No more cooling system running 225-235.
Graham
 
vms4evr,
Thanks my problem seems to be that in traffic the coolant temp wants to get to 230-235 and the fans are running but it won't come down until back out of traffic running 50-60 for a bit. I haven't been checking the oil temp. Seems like I may need flushing or the radiator is clogged. I can live with the 200 but should it not go down to that with the fans on even in traffic. And if you can please tell me exactly what closed loop means.
Thanks
 
Open loop happens right when you start the car. The engine is cold obviously and not as effecient as when it is warmed up. So the computer makes some air/fuel mixture adjustments to make driveability better. Once the car is warmed up it goes into Closed loop and the computer makes different adjustments to air/fuel etc. The engine is now operating at acceptable temps for normal adjustments to occur.
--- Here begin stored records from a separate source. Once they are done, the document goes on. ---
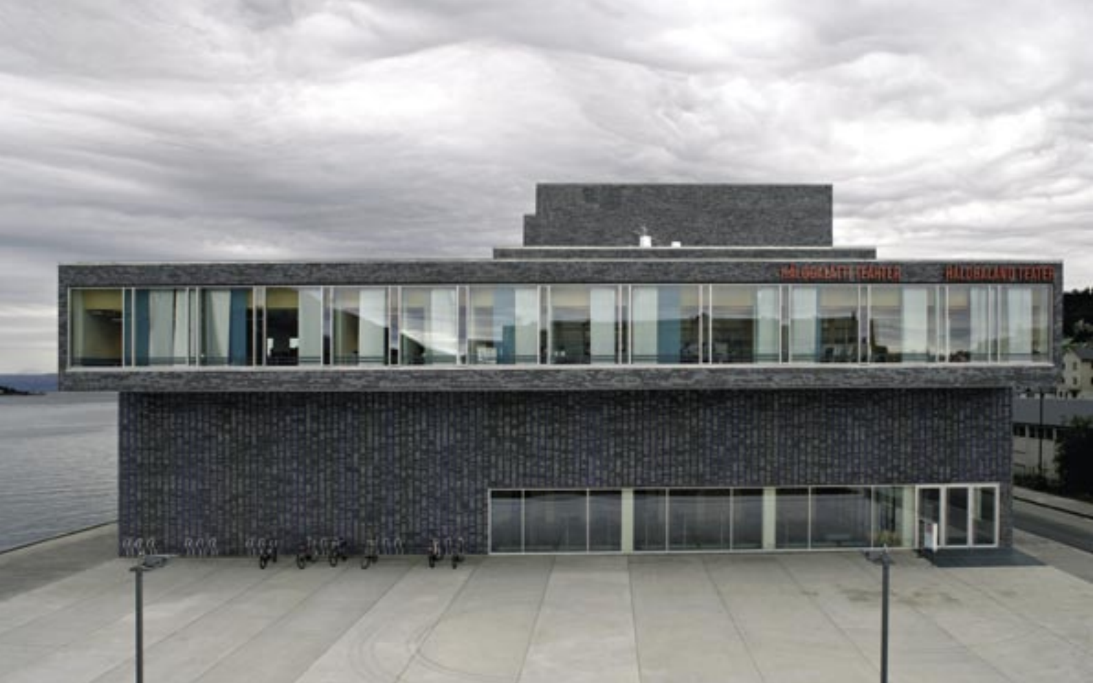
Fasaden mot teaterplassen. Teglveggen under den utkragede administrasjonsfløyen er et utsmykningsprosjekt skapt av Inge Pedersen.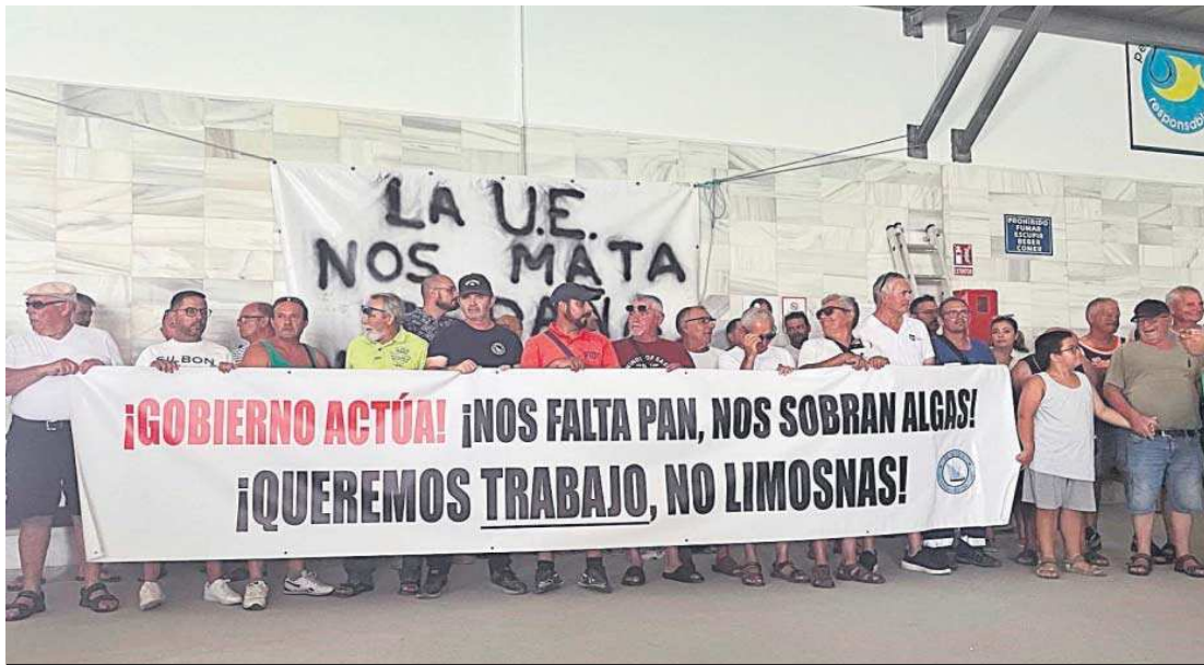
Protesta de trabajadores de la pesca en Barbate por el abandono de las administraciones.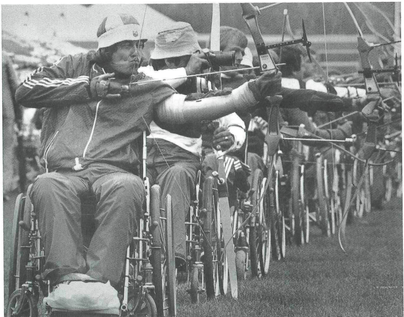
Bågskytte är en av de grenar som integrerats som en naturlig del i det egna specialförbundets ordinarie verksamhet.

(Korpen oräknad). Ett av 63 SF är Svenska Handikappidrottsförbundet (SHIF) som 1969 blev RFs 50:e SF. Idag har SHIF 19 idrotter på sitt program och kan ses som ett RF i miniatyr. Förbundet har idrotter för alla skadegrupper - rörelsehindrade, synskadade, utvecklingsstörda och döva.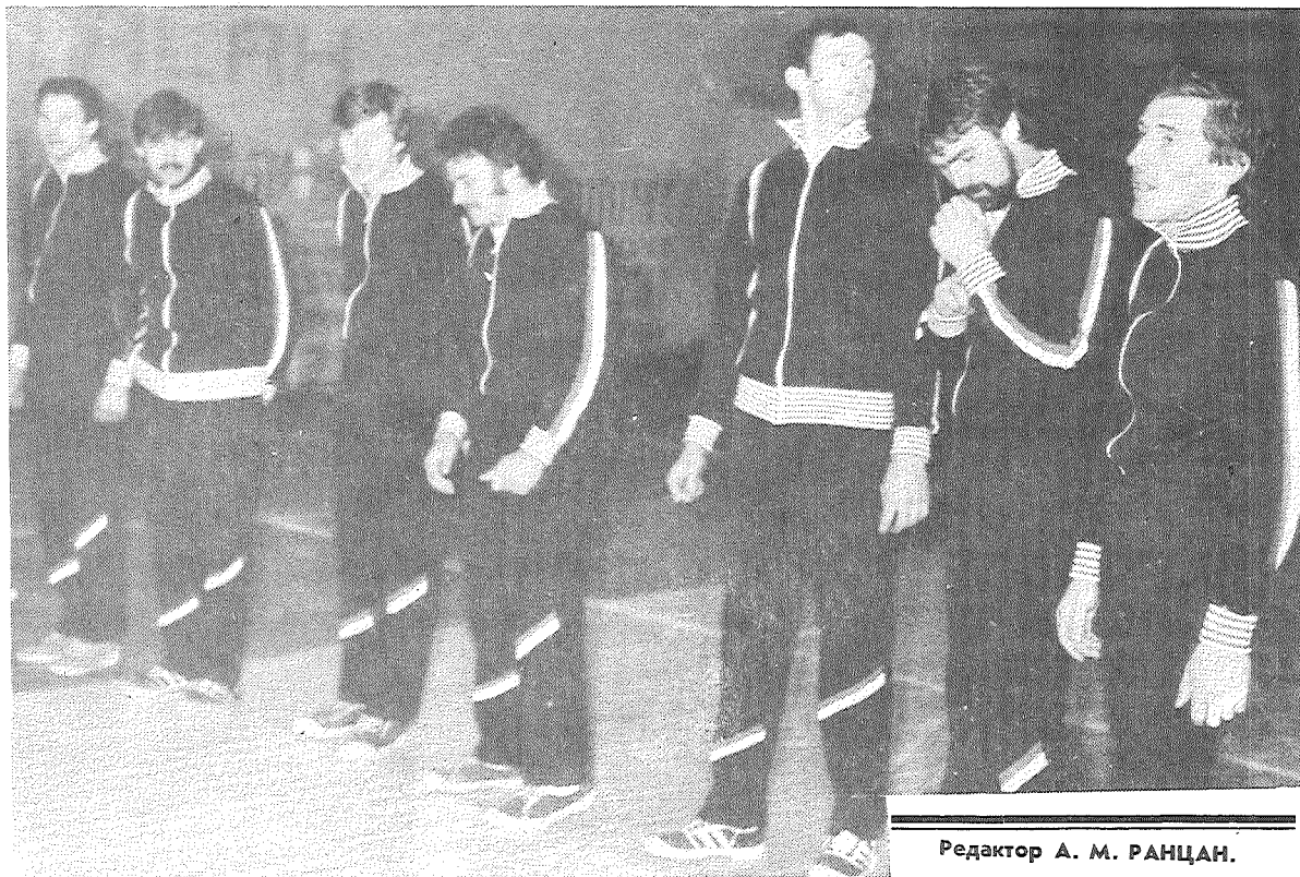
Редактор А. М. РАНЦАН.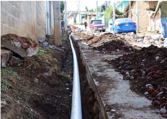
Ampliación de Redes de Distribución de Agua Potable

Ampliaciones de redes de distribución de agua potable en la comunidad de Santiago Acutzilapan, paraje el Llano, con una inversión de $168,669.75 con una meta de 360 metros lineales beneficiando a 120 habitantes, calle Sin Nombre y 16 de Septiembre con una inversión de $167,290.18 logrando una meta de 300 metros lineales beneficiando 150 habitantes, calle Libertad con una inversión de $168,123.08 alcanzando 230 metros lineales y beneficiando a 150 habitantes y calle Sin Nombre y 16 de Septiembre con una inversión de $398,958.95 logrando una meta de 270 metros lineales beneficiando 150 habitantes.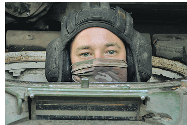
15 июля 2023 года. Член экипажа танка Т-90М «Прорыв» подразделений ЦВО ВС РФ во время несения службы на краснолиманском направлении в ЛНР

Экипаж танка Т-90М «Прорыв» Западного военного округа подавил огневые точки и опорные пункты Вооруженных сил Украины (ВСУ) на Кульском направлении. Об этом сообщили в Минобороны России. — Пока наша машина отработывала по врагу, заметили передвижение, присмотрелись, — отметил командир танковой роты. — Сначала пристально наблюдали, заметили, что это противник, отработали полный конвейер, после чего вызвали огонь ВСУ на себя и сразу оттуда откатились, отвлекли вражеские подразделения, чтобы они не работали по нашим боевым товарищам. У нас идет взаимодействие.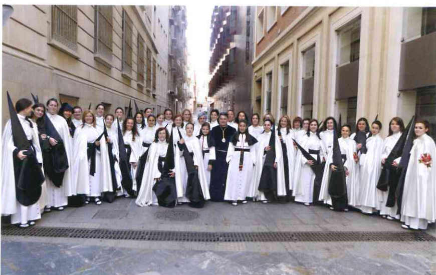
Penitentes del tercio del Santo Amor de San Juan, en la convocatoria previa a su salida en la procesión del Sábado Santo de 2012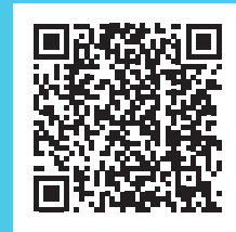
Ryan Health | Adair

Scan the QR code to make an appointment at Ryan Health | Adair or Ryan Health | Frederick Douglass, your nearest centers. Our staff is ready to welcome you with the same quality care you received at PS180.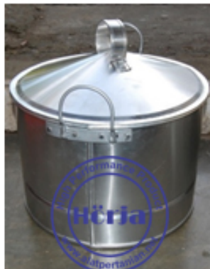
Capacity (kg) : 500-1000 kg/hour (width) : 450 mm (height) : 1000 mm (power) : 1.5 Kw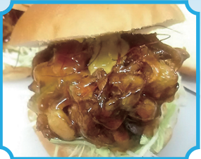
富士屋 『深谷ねぎバーガー』

🕒 11時-14時20分 / 17-20時 🗓️ 毎週木曜日 🏠 深谷市宿根 166-3 📍 「深谷駅」より車で約8分 ☎️ 048-575-1181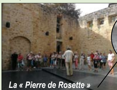
La « Pierre de Rosette »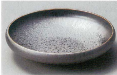
01202-139 いぶし金彩丸くくり大鉢 9,800円 (25.8×5.8cm)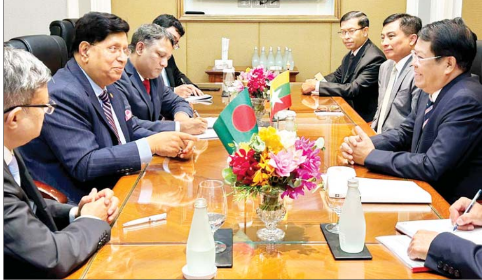
ပြည်ထောင်စုဝန်ကြီး ဦးသန်းဆွေ ဘင်္ဂလားဒေ့ရှ် နိုင်ငံခြားရေးဝန်ကြီး ဒေါက်တာအေကေ အဗ္ဗဒူလ် မိုမန်နှင့် တွေ့ဆုံဆွေးနွေးစဉ်။

သီရိလင်္ကာ နိုင်ငံခြားရေးဝန်ကြီးနှင့်တွေ့ဆုံစဉ် နှစ်နိုင်ငံအကြား ရှိရင်းစွဲ ချစ်ကြည်ရင်းနှီးသောဆက်ဆံရေး ပိုမိုတိုးတက်ခိုင်မာရေး၊ နှစ်နိုင်ငံအကြား ကုန်သွယ်ရေးနှင့် ရင်းနှီးမြှုပ်နှံမှု အထူးသဖြင့် ပညာရေး၊ သတင်းအချက်အလက်နည်းပညာ၊ ငွေကြေးကဏ္ဍများတွင် အကျိုးတူပူးပေါင်းဆောင်ရွက်မှုများတိုးမြှင့်ရေး၊ ဒေသတွင်းနှင့် နိုင်ငံတကာ မျက်နှာစာတွင် ပိုမိုပူးပေါင်းဆောင်ရွက်သွားရေးတို့ကို ခင်မင်ရင်းနှီးစွာ အမြင်ချင်းဖလှယ်ကြသည်။ သတင်းစဉ်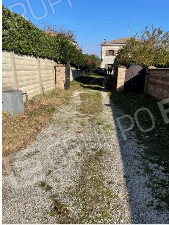
Accesso carraio e pedonale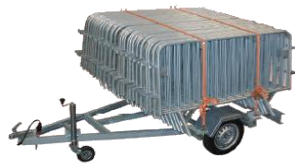
Barrières de police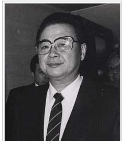
李鵬，时任中共中央政治局常委和国务院总理

戒嚴期間，廣場仍有逾十萬民眾聚集，記者仍然在採訪。市郊雖有零星流血衝突，但軍隊接到「打不還手，罵不還口」的命令，衝突並不嚴重，也有不少民眾向軍人送水送糧、慰問軍人，勸他們放下武器。一些士兵流淚，一些顯得不知所措，事後盛傳有軍長級幹部因拒絕執行戒嚴令而被撤職 [71] 。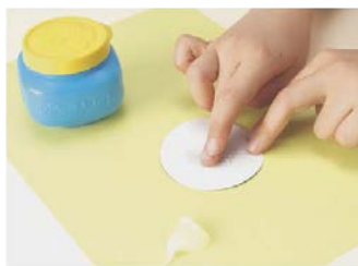
Сначала капните немного клея, а затем попросите ребёнка пальчиком распределить его по поверхности детали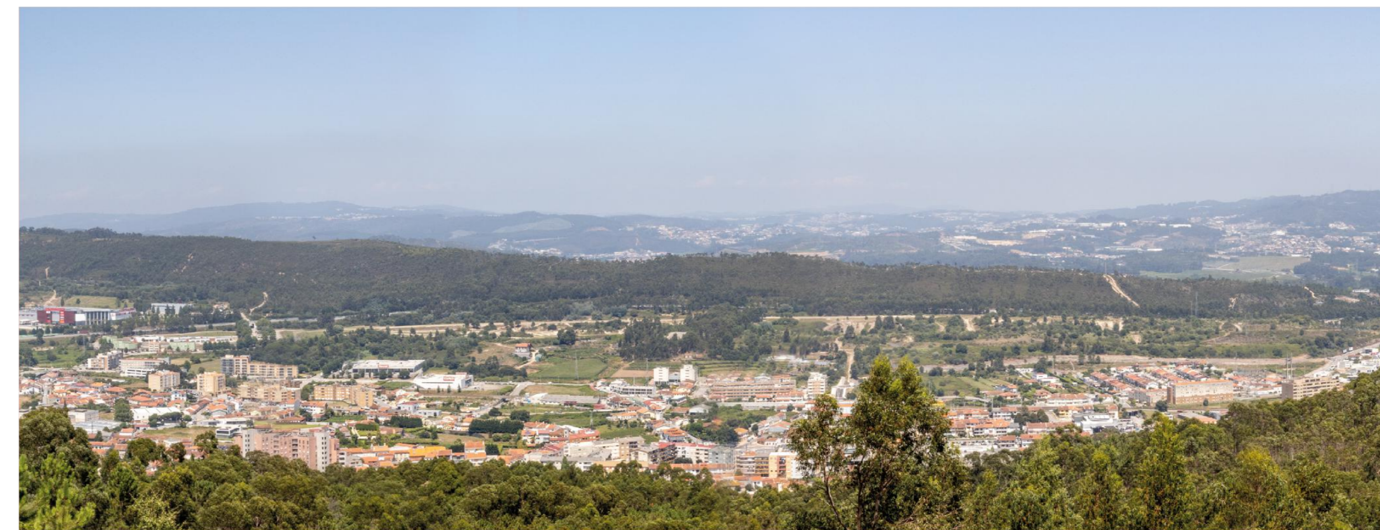
Foto: Miradouro do Paleozóico - Vista Panorâmica | Photo: Paleozóico Viewpoint - Panoramic View

Enjoy this infrastructure in safety, without neglecting the recommendations and rules of conduct. Have a good hike!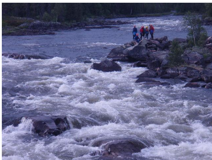
Vi prøver at "læse" elven før put in

Efter frokost pakker vi lejren sammen for i samlet flok at køre de ca. 250 km til Trysil i Norge. Efterhånden som vi kommer frem, begynder bjergene at rejse sig, ligesom floddalene bliver dybere.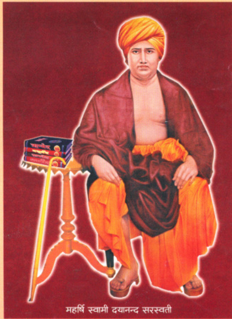
महर्षि स्वामी दयानन्द सरस्वती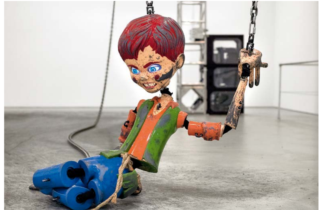
JORDAN WOLFSON, COLORED SCULPTURE, 2016, mixed media, variable dimensions / FARBIGE SKULPTUR, verschiedene Materialien, Masse variabel.

been up all night, tryna get that rich», rappt sie in ihrer charismatisch fauchenden Art. «I've been work, work, work, work, working on my shit» – eine Zeile, die zugleich auf einen geradezu zwanghaften Stolz auf ihre Kunst und auf bahnbrechende Therapieerfolge hindeutet.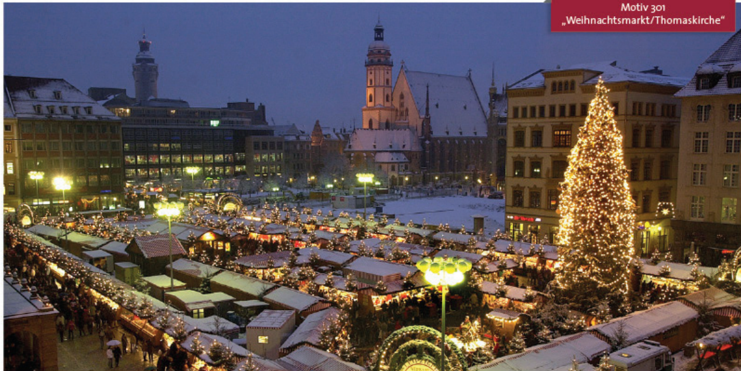
Motiv 301 „Weihnachtsmarkt/Thomaskirche“

It gets a lot more detailed but I've never gotten much past that. All computer controlled cars do this. It makes it more driveable when cold and is also supposed to help keep emission levels down on a cold engine.
 
hey there,
your temps probably arent coming down because your fans are on at 230* so it starts to cool off,then when it hits 220* the fans go off again,even with a 160* t-stat your temps will not stay that low unless you get a bigger radiator and have the fans come on much sooner ,i had an 89 and had the fans on all the time with a 160* t-stat and the temps would be 170* and about 190* in heavy traffic,now if i turn the a/c on it would get to 205*because the a/c condensor is in front of the radiator and that bugger gets pretty hot,then the fans pull the hot air threw the radiator,like i said,that was my situation,but in the staging line at the track my a/c was not on,and remember my fan never shut off,so the temp would get down to 170*.heat above 210*will really kill some power.i was going to get a bigger radiator,but i got a c5 instead.now im going thru this all over again.160* t-stat and fan controls are on the way.now at the track(with c5) i run the a/c to kick the fans on but it only gets down to 205*because the damn a/c condensor is also hot,and the fan is pulling the hot air thru radiator.with a/c on the fans only come on in low,i need the fan control to kick the fans in high and shut off the damn a/c,the c5 is even more heat sensitive,anyway,good luck,later,Todd.oh ya,open loop is a pre-set fuel/air etc..,no o2 sensor,closed loop o2 now controlling air/fuel.thats the basics anyway.:D
 
This might work for your situation. I put a lower temperature cooling fan switch in my car, fans turn on at 200 and off at 180. The temperature may go up to 210 on a hot day in traffic with the AC on, but thats as high as it gets. I used to get way up there in the 240 to 250 range, made me worry a lot! Thermostat doesn't seem to have an effect on this from what I have tried in the past, the fans seem to have the greatest effect. Do you have an auxilary fan in front of the radiator? If not then adding one will help a lot to bring the temperature right down once the low temp switch kicks in. Switch and fans are available from all the regular Vette vendors and I think TPIS also carries the switch. The switch goes on the left side head, i think about between the #1 and #3 spark plugs. If you already have a switch there then you may have the auxiliary cooling fan already installed in you car. I beleive the factory switch is set to come on at the higher temps, you can replace it with a low temp one. The switch will come with full instructions on how to wire it in properly. Engine runs great! Can't verify any horsepower gain from it but it does run great and doesn't seem to knock at all when I stand on it now. It used to knock a bit when it ran at the higher temps.